Sie sind seit rund einem halben Jahr ordentlicher Professor am Departement für Geschichte. Was für eine Art Professor versuchen Sie zu sein?
Ein hoffentlich innovativer. Ich versuche, die Studierenden für diese Epoche zu begeistern, plausibel zu machen, wie reichhaltig die Zeit war – und wie wichtig und relevant für heute. Ich nenne da gerne auch Beispiele aus dem Alltag: Tomaten kommen aus Amerika, die mediterrane Küche, die bei uns dominant ist, wäre ohne die sogenannte Entdeckung Amerikas undenkbar. Auch Rösti gäbe es nicht, weil wir die Kartoffel nicht kennen würden. Das sind Anekdoten, die Frühe Neuzeit ist jedoch tatsächlich eine Epoche, durch die wir viel lernen können, etwa über interkulturelle und interreligiöse Begegnungen, Staatsbildungsprozesse, Menschen-, Frauen- und Bürgerrechte, Konfliktmanagement etc. Für solche Themen versuche ich die Studierenden zu gewinnen und Ihnen zentrale Kompetenzen aus der Geschichtswissenschaft mitzugeben: Fundiertes Recherchieren, kritisches Analysieren sowie die Fähigkeit, einzuordnen und zu vermitteln. Ich versuche auch, das Fach Geschichte innerhalb der Universität Freiburg zu bewerben, dafür gehe ich gerne ungewohnte Wege und arbeite interdisziplinär. Bereits sind Kooperationen mit Kolleg_innen aus Literaturwissenschaften, Neurowissenschaften und Machine Learning angedacht.

Zur Person

Vitus Huber ist Professor für Geschichte der Frühen Neuzeit am Departement für Geschichte der Universität Freiburg.
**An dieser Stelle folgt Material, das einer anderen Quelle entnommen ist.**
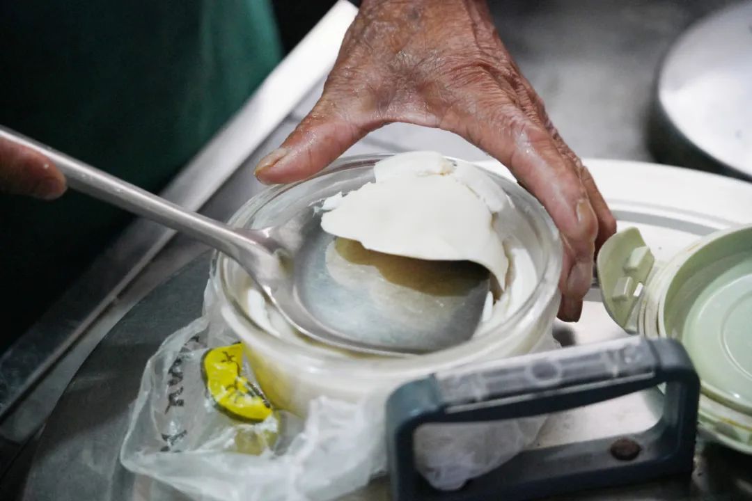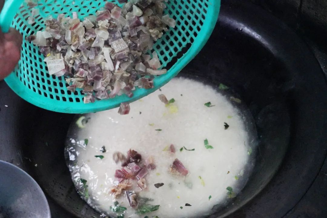 土灶烧出来的饭糍又脆又香,是不少人的“心头好”。最后出锅时,喜欢吃油一点的,在盛起来之前可以往上面浇一层猪油,烧好的咸酸饭就看上去亮晶晶,卖相好。

Nach seinem Doktorat an der Ludwig-Maximilians-Universität München war er als Gastwissenschaftler und Dozent an verschiedenen Universitäten in der Schweiz und im Ausland tätig, unter anderem an den Universitäten von Harvard und Oxford. Zu seinen Forschungsschwerpunkten gehören Kolonialgeschichte, Körpergeschichte und die Geschichte der Nacht.

Zur Antrittsvorlesung

Die Antrittsvorlesung von Vitus Huber findet am Mittwoch, 2. April, um 18.15 Uhr am Standort Miséricorde 03 im Raum 3115 statt. Das Thema lautet «Kollaboration, Kooperation und Konkurrenz im spanischen Kolonialreich».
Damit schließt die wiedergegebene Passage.